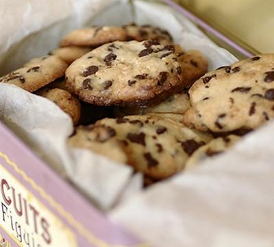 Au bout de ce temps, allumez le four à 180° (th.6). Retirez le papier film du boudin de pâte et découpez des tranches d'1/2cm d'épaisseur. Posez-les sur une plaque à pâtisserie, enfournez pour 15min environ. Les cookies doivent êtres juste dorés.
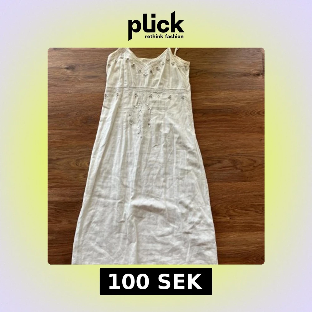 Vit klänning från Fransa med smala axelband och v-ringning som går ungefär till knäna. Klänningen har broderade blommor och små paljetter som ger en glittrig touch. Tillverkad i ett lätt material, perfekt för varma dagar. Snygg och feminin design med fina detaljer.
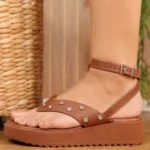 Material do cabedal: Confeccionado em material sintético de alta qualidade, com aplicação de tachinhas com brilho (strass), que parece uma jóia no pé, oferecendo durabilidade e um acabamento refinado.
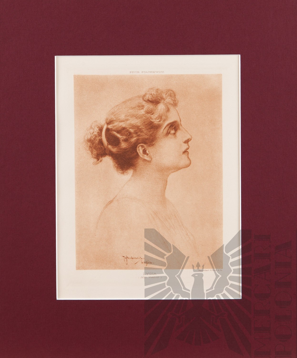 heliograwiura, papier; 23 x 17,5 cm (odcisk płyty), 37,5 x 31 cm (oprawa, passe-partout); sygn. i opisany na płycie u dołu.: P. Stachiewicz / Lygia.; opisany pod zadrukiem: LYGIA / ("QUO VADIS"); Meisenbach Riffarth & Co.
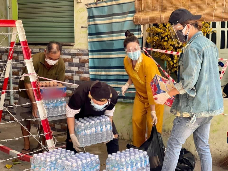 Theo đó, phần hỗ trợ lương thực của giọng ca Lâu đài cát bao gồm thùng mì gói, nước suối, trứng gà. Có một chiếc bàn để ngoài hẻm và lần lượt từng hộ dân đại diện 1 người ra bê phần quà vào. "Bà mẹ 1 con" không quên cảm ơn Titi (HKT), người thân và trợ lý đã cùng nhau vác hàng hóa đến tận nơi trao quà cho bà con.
= = = =
* [Exercise instructions]: Excluding any pictures, print exactly the lines of the listing above from the line with "Material do cabedal: Confeccionado" to the line with "heliograwiura, papier; 23", both ends included.

* [Finished exercise]:
 Material do cabedal: Confeccionado em material sintético de alta qualidade, com aplicação de tachinhas com brilho (strass), que parece uma jóia no pé, oferecendo durabilidade e um acabamento refinado.
 heliograwiura, papier; 23 x 17,5 cm (odcisk płyty), 37,5 x 31 cm (oprawa, passe-partout); sygn. i opisany na płycie u dołu.: P. Stachiewicz / Lygia.; opisany pod zadrukiem: LYGIA / ("QUO VADIS"); Meisenbach Riffarth & Co.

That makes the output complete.